[Stored data entries]
++++++

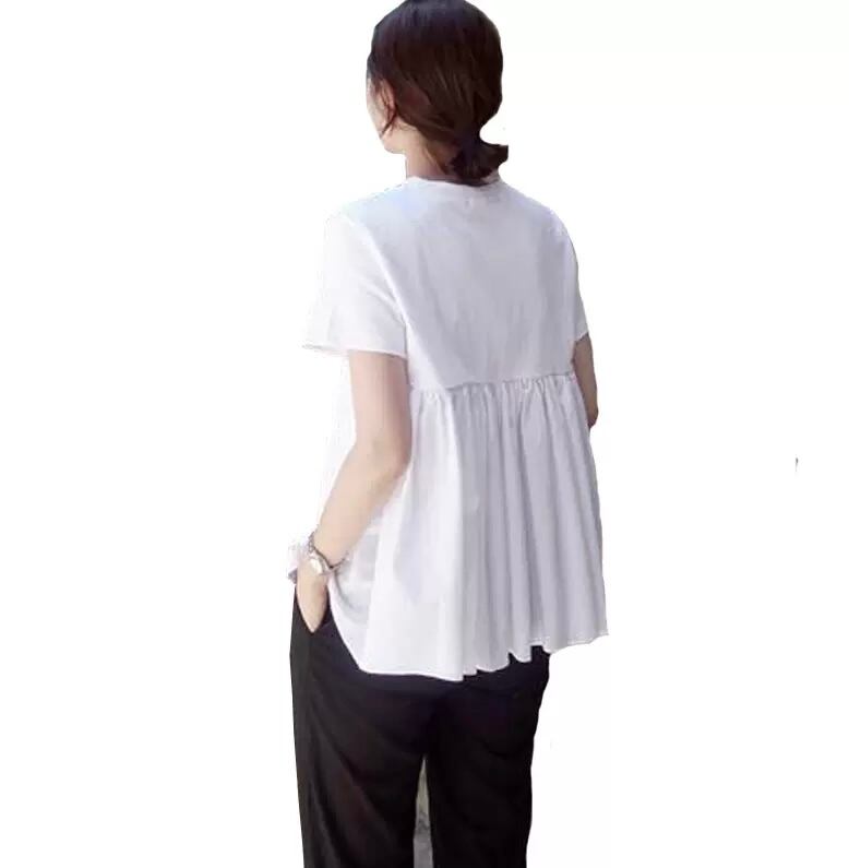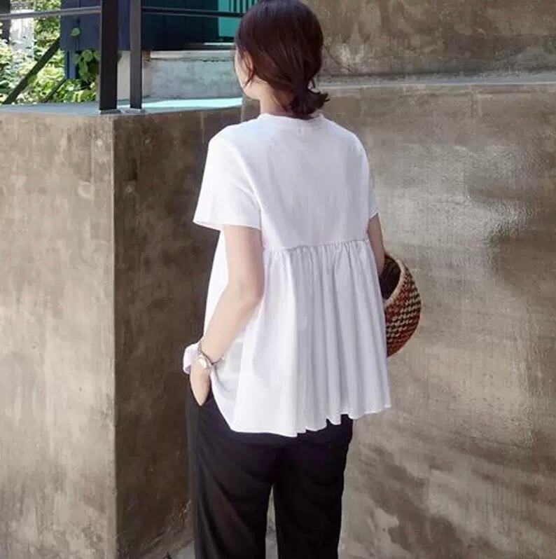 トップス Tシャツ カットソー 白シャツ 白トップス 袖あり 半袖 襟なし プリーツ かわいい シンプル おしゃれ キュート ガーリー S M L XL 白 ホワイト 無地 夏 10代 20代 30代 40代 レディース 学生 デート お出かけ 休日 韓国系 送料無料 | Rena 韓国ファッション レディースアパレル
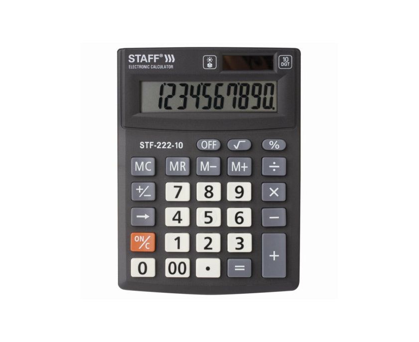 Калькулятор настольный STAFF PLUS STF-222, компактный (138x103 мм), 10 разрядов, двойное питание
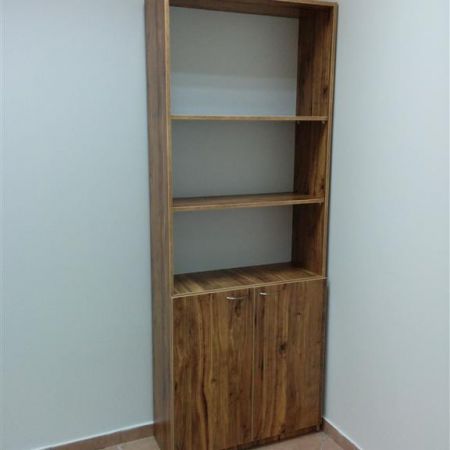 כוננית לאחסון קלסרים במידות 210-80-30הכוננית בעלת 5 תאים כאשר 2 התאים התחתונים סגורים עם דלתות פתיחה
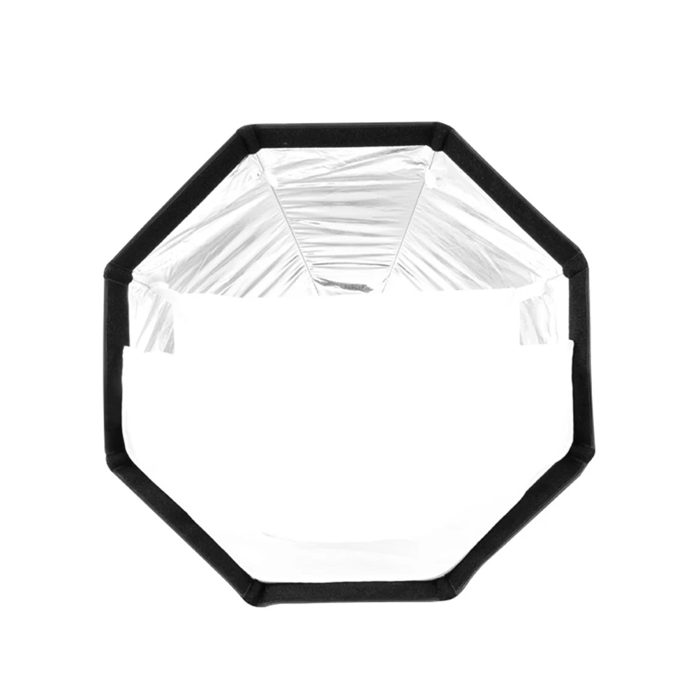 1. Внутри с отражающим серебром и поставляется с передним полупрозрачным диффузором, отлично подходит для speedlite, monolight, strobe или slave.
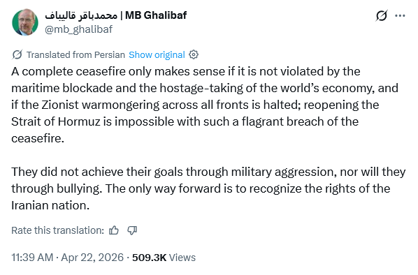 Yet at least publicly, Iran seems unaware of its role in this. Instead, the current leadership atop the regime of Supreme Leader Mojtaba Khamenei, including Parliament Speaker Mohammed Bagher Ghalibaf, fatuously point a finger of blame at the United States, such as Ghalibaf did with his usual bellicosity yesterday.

++++++

## Goal of the exercise
Reproduce, exactly and with no pictures, the lines from the line containing "Калькулятор настольный STAFF" through the closing line of the data above, keeping both ends.

## Written response
 Калькулятор настольный STAFF PLUS STF-222, компактный (138x103 мм), 10 разрядов, двойное питание
 כוננית לאחסון קלסרים במידות 210-80-30הכוננית בעלת 5 תאים כאשר 2 התאים התחתונים סגורים עם דלתות פתיחה
 1. Внутри с отражающим серебром и поставляется с передним полупрозрачным диффузором, отлично подходит для speedlite, monolight, strobe или slave.
 Yet at least publicly, Iran seems unaware of its role in this. Instead, the current leadership atop the regime of Supreme Leader Mojtaba Khamenei, including Parliament Speaker Mohammed Bagher Ghalibaf, fatuously point a finger of blame at the United States, such as Ghalibaf did with his usual bellicosity yesterday.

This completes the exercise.